Алешка искоса посмотрел на Скобеева. В прищуре коричневых глаз, в изломе плотно сомкнутых тонких губ как бы лежал отпечаток невеселых дум. «Захворала? Это еще ничего, терпимо. А если с кулацкой шайкой схватилась? Вот тут все может быть», – подумал Алешка, и неясная тревога за дочь Скобеева охватила и его.
– Весна, дядя Тихон. Работы у нее и в школе и в комсомоле располным-полна коробушка, – попробовал он утешить Скобеева.
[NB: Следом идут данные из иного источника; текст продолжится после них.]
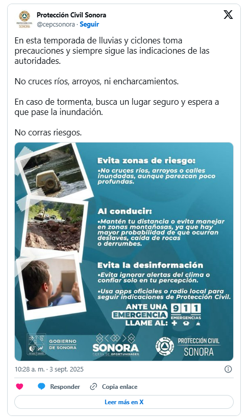 La Unidad Estatal de Protección Civil emitió una serie de recomendaciones tras las lluvias que han afectado el estado de Sonora y ante el pronóstico para los próximos días.

Тот вертанул рулевое колесо, расправил плечи, стараясь освободиться от тревожных раздумий о дочери, сказал:
– И я так думаю, Алексей-душа. – И, вздохнув, добавил: – Ну, короче сказать: живы будем – не помрем. – И сразу, без всякой остановки заговорил совсем о другом: – А как ты думаешь, Алеша, почему вон там, на самой середке реки, вода рябит?
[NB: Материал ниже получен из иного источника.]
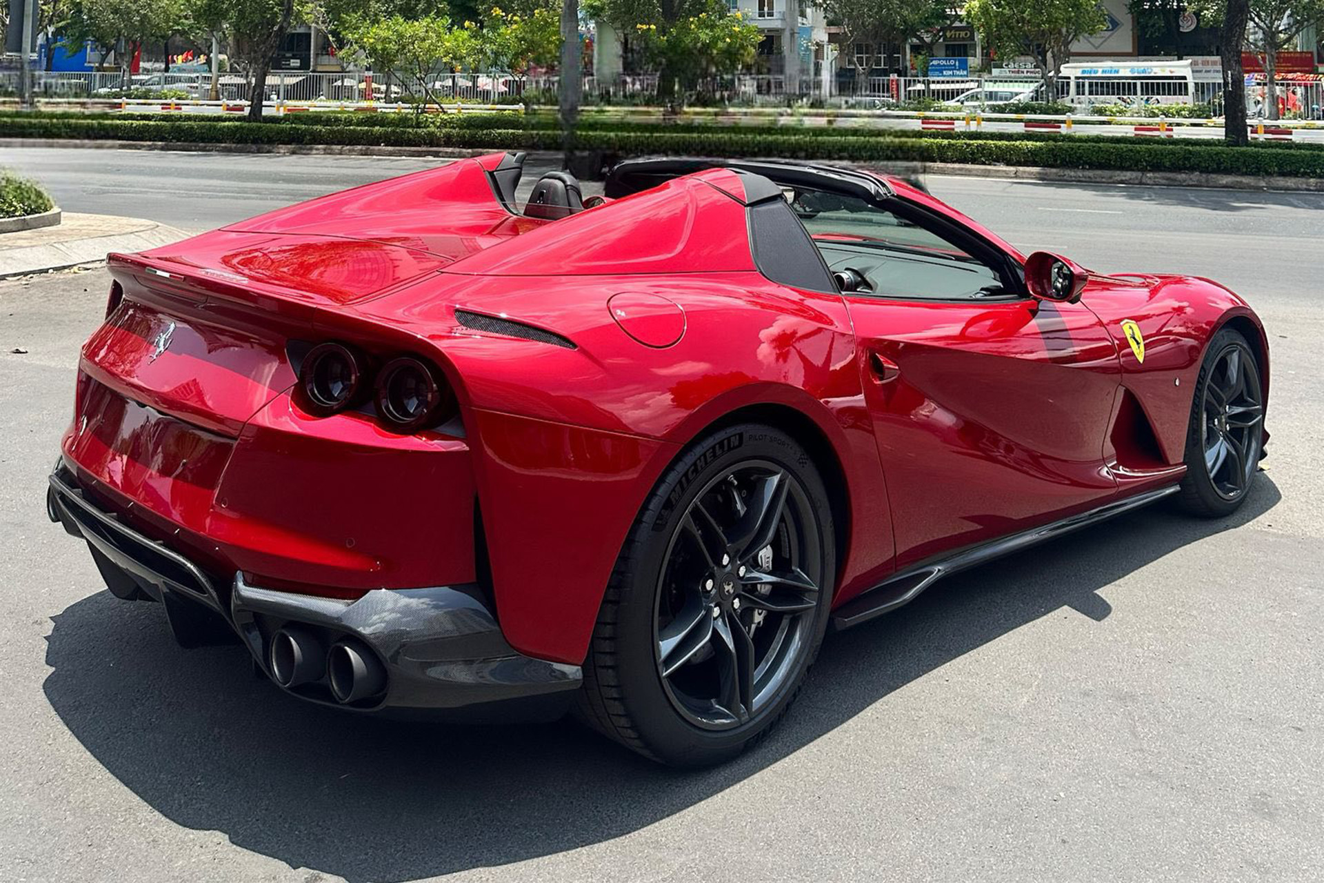 Tính đến thời điểm hiện tại, thị trường Việt Nam đã có hai chiếc Ferrari 812 GTS. Chiếc đầu tiên thuộc sở hữu của một đại gia chưa được tiết lộ danh tính, có ngoại thất sơn màu Rosso 70th Anniversary độc đáo. Chiếc trong bài viết này là chiếc thứ hai cập bến nước ta, mang màu sơn đỏ mận Rosso Fuoco.

– Вон там-то, слева? – указывая рукой, уточнил Алешка. – А мель там, дядя Тихон.
– Правильно. А знаешь, почему я сейчас к яру не приближаюсь? – спросил Скобеев, вполоборота, с хитринкой посматривая на Алешку.
– Почему? Очень просто почему. Яр лесистый. Вон как лесины нависли. Ну как обвалится. Захлестнет паузок или катер. Не приведи бог!
– Нет, не потому.
– Не потому? Значит… – Алешка задумался. – А! Вот почему: коряги сплошные под яром. Винт у катера можно загубить.
– И опять не потому. Коряги, Алексей-душа, по самой кромке берега тянутся, они нам не помеха. А ну, подумай-ка получше.
– Не знаю, дядя Тихон.
– Ну, слушай, коли так. Не иду я по подъяру потому, что там сплошные воронки, а раз воронки, значит, обратное течение, а раз обратное течение, значит, снижается скорость движения, больше расходуется топлива. На-ка вот бинокль, взгляни, какие там шапки из желтой пены на воронках.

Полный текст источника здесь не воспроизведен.